Distal gastrectomy (DG) is a common operative technique for gastric cancer. Dumping syndrome, reflux esophagitis, and impaired weight gain are encountered in patients undergoing DG. These findings have led to the application of various limited surgical procedures for gastric operations in attempts to improve the patients' quality of life.
Pylorus-preserving gastrectomy (PPG) is a limited surgical procedure that had initially been reported on its efficacy for benign gastric diseases in 1967 by Maki et al. They demonstrated advantages, such as avoidance of the dumping syndrome and protection against mucosal injury of the remnant stomach, as a result of bile regurgitation, which were assumed to be based on the preserved pyloric function. In 1991, Kodama et al first reported the indications of PPG for early gastric cancer on the basis of clinicopathologic analysis.
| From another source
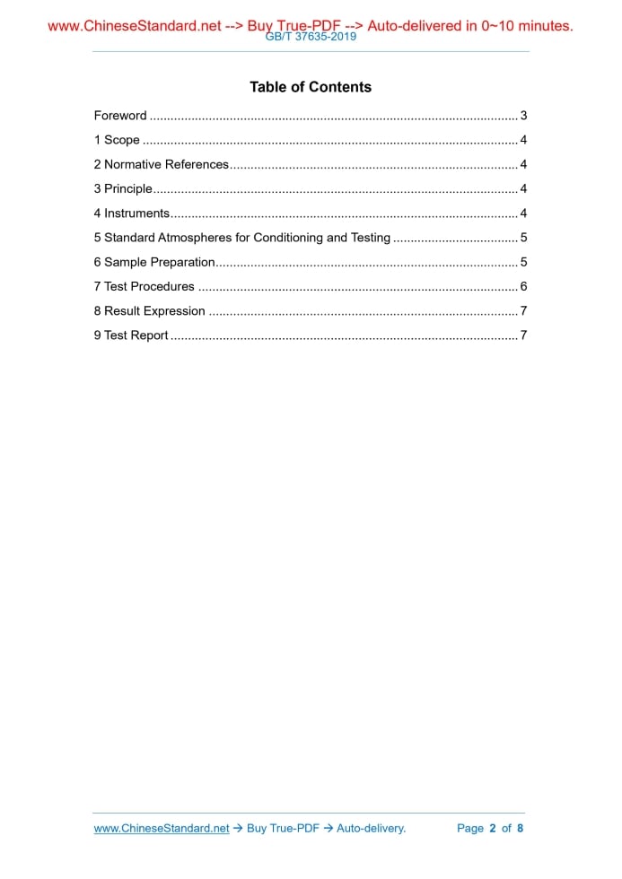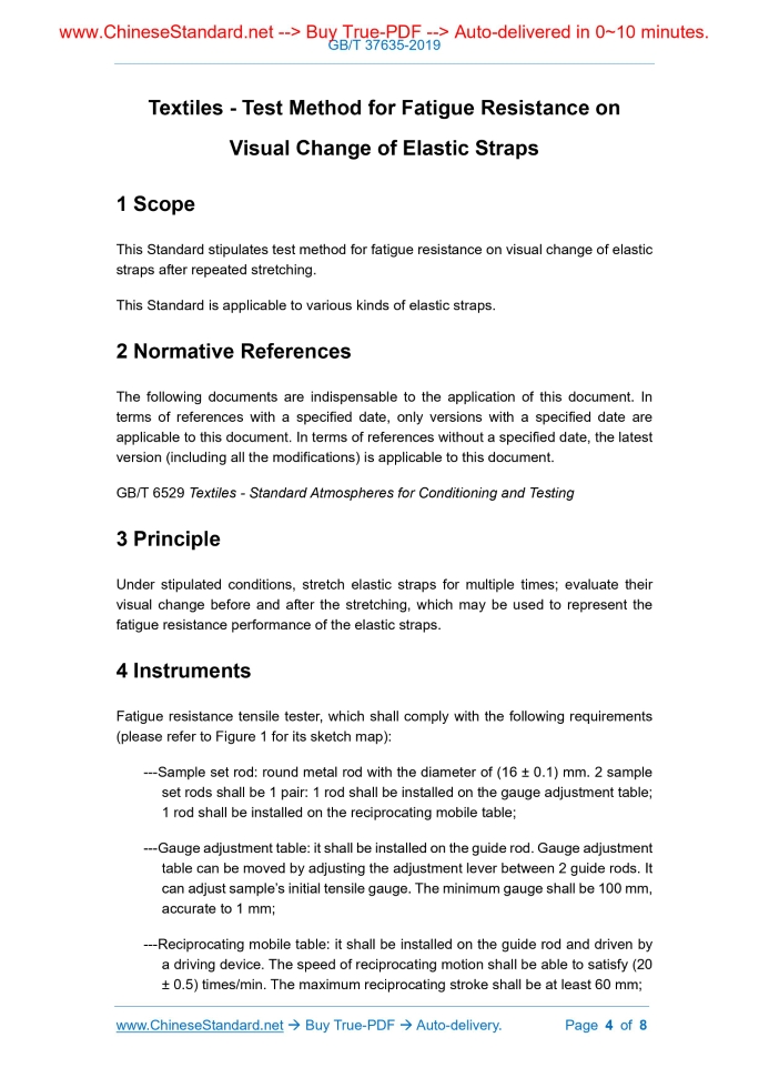 Similar standardsGB/T 37635-2019: Textiles - Test method for fatigue resistance on visual change of elastic straps---This is an excerpt. Full copy of true-PDF in English version (including equations, symbols, images, flow-chart, tables, and figures etc.), auto-downloaded/delivered in 9 seconds, can be purchased online: https://www.ChineseStandard.net/PDF.aspx/GBT37635-2019NATIONAL STANDARD OF THE PEOPLE’S REPUBLIC OF CHINA ICS 59.080.30 W 04 Textiles - Test Method for Fatigue Resistance on Visual Change of Elastic Straps ISSUED ON: JUNE 4, 2019 IMPLEMENTED ON: JANUARY 1, 2020 Issued by: State Administration for Market Regulation; Standardization Administration of the People’s Republic of China. Table of ContentsForeword ... 3 1 Scope ... 4 2 Normative References ... 4 3 Principle ... 4 4 Instruments ... 4 5 Standard Atmospheres for Conditioning and Testing ... 5 6 Sample Preparation ... 5 7 Test Procedures ... 6 8 Result Expression ... 7 9 Test Report ... 7 Textiles - Test Method for Fatigue Resistance on Visual Change of Elastic Straps1 ScopeThis Standard stipulates test method for fatigue resistance on visual change of elastic straps after repeated stretching. This Standard is applicable to various kinds of elastic straps.2 Normative ReferencesThe following documents are indispensable to the application of this document. In terms of references with a specified date, only versions with a specified date are applicable to this document. In terms of references without a specified date, the latest version (including all the modifications) is applicable to this document. GB/T 6529 Textiles - Standard Atmospheres for Conditioning and Testing3 PrincipleUnder stipulated conditions, stretch elastic straps for multiple times; evaluate their visual change before and after the stretching, which may be used to represent the fatigue resistance performance of the elastic straps.4 InstrumentsFatigue resistance tensile tester, which shall comply with the following requirements (please refer to Figure 1 for its sketch map): ---Sample set rod: round metal rod with the diameter of (16 ± 0.1) mm. 2 sample set rods shall be 1 pair: 1 rod shall be installed on the gauge adjustment table; 1 rod shall be installed on the reciprocating mobile table; ---Gauge adjustment table: it shall be installed on the guide rod. Gauge adjustment table can be moved by adjusting the adjustment lever between 2 guide rods. It can adjust sample’s initial tensile gauge. The minimum gauge shall be 100 mm, accurate to 1 mm; ---Reciprocating mobile table: it shall be installed on the guide rod and driven by a driving device. The speed of reciprocating motion shall be able to satisfy (20 ± 0.5) times/min. The maximum reciprocating stroke shall be at least 60 mm; 6.2 At a distance of at least 100 mm from both ends of the sample, at a certain interval, clip at least 3 strip samples with the length of (300 ± 2) mm and the width of the breadth of the strap. The samples shall be representative. There shall be no defects that might affect the test result, such as wrinkling and damage, etc. 6.3 Oppositely overlap both ends of the strip samples; sew into an annular sample, whose perimeter is (250 ± 2) mm. NOTE 1: tests may also be conducted in accordance with other appointed dimensions; this content shall be indicated in the test report. NOTE 2: seam joints shall be firm; stitches shall be parallel and level, so as to prevent from disconnection or uneven tensile force during the tensile test.7 Test Procedures7.1 In accordance with Figure 1, install the annular sample on the sample set rod. Adjust the gauge adjustment table, so that the annular sample on the set rod can maintain a natural straightened state. Set up the speed of the reciprocating mobile table to be 20 times/min; set up the stroke to be 60 mm. NOTE: tests may also be conducted in accordance with other parameters appointed by both parties; this content shall be indicated in the test report. 7.2 Initiate the fatigue resistance tensile tester, then, start the test. In accordance with the following two modes, observe the visual change of the annular sample: a) In terms of test with stipulated fatigue stretching times, firstly, set up the stipulated stretching times, then, start the test. Take 20% of the stipulated stretching times as the interval of inspection; inspect and record the visual change of the annular sample after reaching the stipulated stretching times. Generally speaking, visual change has the following circumstances: ---Partial existence of bending deflection; ---Exposure of yarn; ---Breakage of yarn. NOTE: if the stipulated stretching times is less than 1,000 times, directly inspect and record the visual change of the annular sample after reaching the stipulated stretching times. b) In terms of test which needs to determine the limit of fatigue stretching times, in accordance with the inspection interval stipulated in Table 1, observe the visual change of the sample. When it is found that the annular sample manifests fiber breakage or exposed yarn, stop the test and record the times. ......Source: Above contents are excerpted from the full-copy PDF -- translated/reviewed by: www.ChineseStandard.net / Wayne Zheng et al. Tips & Frequently Asked Questions:Question 1: How long will the true-PDF of English version of GB/T 37635-2019 be delivered?Answer: The full copy PDF of English version of GB/T 37635-2019 can be downloaded in 9 seconds, and it will also be emailed to you in 9 seconds (double mechanisms to ensure the delivery reliably), with PDF-invoice.Question 2: Can I share the purchased PDF of GB/T 37635-2019_English with my colleagues?Answer: Yes. The purchased PDF of GB/T 37635-2019_English will be deemed to be sold to your employer/organization who actually paid for it, including your colleagues and your employer's intranet.Question 3: Does the price include tax/VAT?Answer: Yes. Our tax invoice, downloaded/delivered in 9 seconds, includes all tax/VAT and

PPG is currently applied as a limited surgical procedure for certain patients with early gastric cancer as a result of the expected benefits obtained by the preservation of the pylorus. However, it has not been well documented that the preserved pylorus works properly without the antrum. The resection of the antrum should have a significant impact on gastric emptying, because antropyloroduodenal coordination is an important factor for an appropriate control of transpyloric flow
( 2,
3,
4,
5 ).
Kazuhiro Nishikawa et al. investigate the functional characteristics of the pylorus in patients undergoing pylorus-preserving gastrectomy (PPG) for early gastric cancer.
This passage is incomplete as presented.